What are the ground rules for mediation?

By Solent Family Mediation |
April 20, 2021
Family mediation Farnborough

Solent Family Mediation

Mediation is a strategy for resolving disputes between you and your ex-spouse with the assistance of a neutral third party. The third party is known as a conciliator. They can help you achieve agreements about money, residential or commercial property, and children.

You can try mediation before seeing a lawyer. If you consult a lawyer first, they will likely discuss with you whether or not mediation could be helpful.

You are not required to participate in mediation, but if you end up needing to go to court to resolve your dispute, you are normally required to provide evidence that you attended a mediation information and assessment meeting (MIAM). This is an introductory symposium on mediation and its potential benefits.

There are several instances in which you are not required to see the MIAM prior to filing a lawsuit, such as if you have genuinely suffered domestic abuse.

If you need to go to court and your ex-partner refuses to visit a conciliator, you must contact the arbitrator and clarify the situation. You cannot compel your ex-partner to participate in mediation.

What happens at mediation

During the initial meeting, you and your ex-spouse will often meet individually with an experienced arbiter. Following this, you will participate in mediation sessions where you, your ex-partner, and the mediator will explore your differences.

If you and your ex-partner are unable to sit together, you might sit in separate rooms and ask the mediator to move back and forth between you. This sort of mediation is typically more expensive and time-consuming.

The mediator is unable to provide legal advice, but they will:

  • They will listen to both of your perspectives without taking sides.
  • Assistance to create an atmosphere conducive to reaching a mutually agreeable deal.
  • recommend useful actions to facilitate agreement
  • Everything you say in mediation is kept private.

If you have children, your mediator will prioritise their best interests and requirements.

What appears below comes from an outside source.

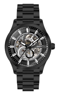 Band Material: Stainless Steel, Band Tone: Black, Band Width: 22MM, Band Length: 200MM, Crown Type: Push, Case Material: Stainless Steel, Case Tone: Black, Case Size [mm]: 45, Case Back: Exhibition, Material of Hands: Metal, Color of Hands: Black, Crystal Type: Flame Fusion, Bezel Material: Stainless Steel, Dial Material: Metal, Dial Color: Black,Silver, Dial Pattern: None .Purchasing these parts and having a non-authorized repair center open your watch voids all manufacturing warranties. Invicta cannot guarantee the quality standards of an altered timepiece, the standard 3-year limited warranty on Invicta timepieces shall be invalid if the timepiece is serviced at any time by an unauthorized repair center. This includes battery replacements, which must be done at an Invicta authorized repair center in order to maintain the eligibility of the warranty. Please follow the link below to learn more about Invicta's warranty.https://cdn.invictawatch.com/www/files/invicta-warranty-2018.pdf

The mediator may even speak with your children if they deem it acceptable and you provide your permission.

How is Family Mediation different from other option?

Family mediation, unlike litigation or arbitration, recognises that you are the expert on your own family and leaves decision-making to you.

In contrast to negotiating through your attorneys, family mediation allows you to communicate directly with each other so that you can both convey your feelings and priorities. Additionally, it allows you to concentrate on the things that truly matter to your family.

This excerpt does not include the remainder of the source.